# Introduction

While FFNs (Feed Forward Networks) with Batch Normalization holds great potential to harness the many levels of abstract representations that comes with a deep network, the number of layers is limited by SGD. This is because after a certain number of few layers, SGD becomes unstable and the network starts to encounter problems such as vanishing and exploding gradients. Moreover, SGD and regularization techniques like dropout often perturbs Batch Normalization leading to high variance in training error. These problems are solved by Self Normalizing Neural Networks.

Self-Normalizing Neural Networks (SNNs) are neural networks which automatically keep their activations at zero-mean and unit-variance (per neuron). This is accomplished through the use of SeLU activation function which requires LeCun Normal kernel initialization.
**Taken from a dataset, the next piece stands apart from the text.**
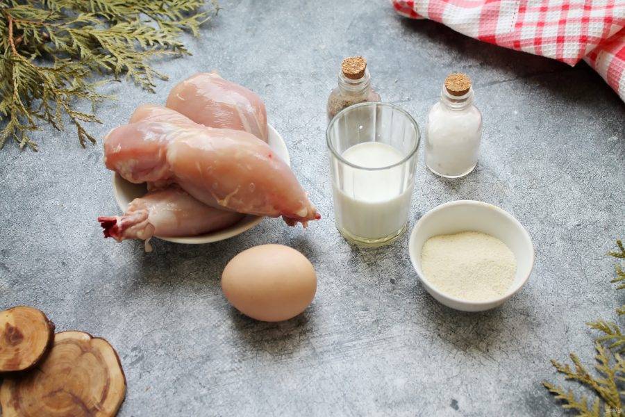 Подготовьте все необходимые ингредиенты для приготовления суфле из кролика.
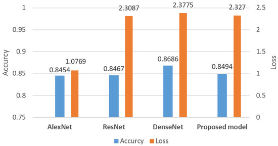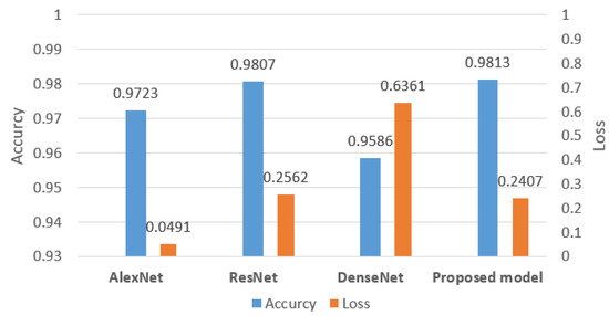 Figure 14 shows the final performance test results of crawling data after learning. DenseNet recorded the highest accuracy rate at 0.8686%, being followed by the proposed pooling structure at 0.8494%. AlexNet recorded the lowest error rate at 0.8454, being followed by the proposed pooling structure at 2.327.

Following is an excerpt from the [research paper](https://arxiv.org/pdf/1706.02515.pdf) of Self Normalizing Neural Networks:

> Self-normalizing neural networks (SNNs) are robust to perturbations and do not have high variance
in their training errors. SNNs push neuron activations to zero mean and unit variance
thereby leading to the same effect as batch normalization, which enables to robustly learn many
layers. SNNs are based on scaled exponential linear units “SELUs” which induce self-normalizing
properties like variance stabilization which in turn avoids exploding and vanishing gradients.

# Code

## Some preprocessing

In [2]:
pip install tensorflow

Note: you may need to restart the kernel to use updated packages.


ERROR: Could not find a version that satisfies the requirement tensorflow (from versions: none)
ERROR: No matching distribution found for tensorflow


In [2]:
import numpy as np
import pandas as pd

In [3]:
train_df = pd.read_csv("../input/tabular-playground-series-nov-2021/train.csv")
test_df = pd.read_csv("../input/tabular-playground-series-nov-2021/test.csv")
sub_df = pd.read_csv("../input/tabular-playground-series-nov-2021/sample_submission.csv")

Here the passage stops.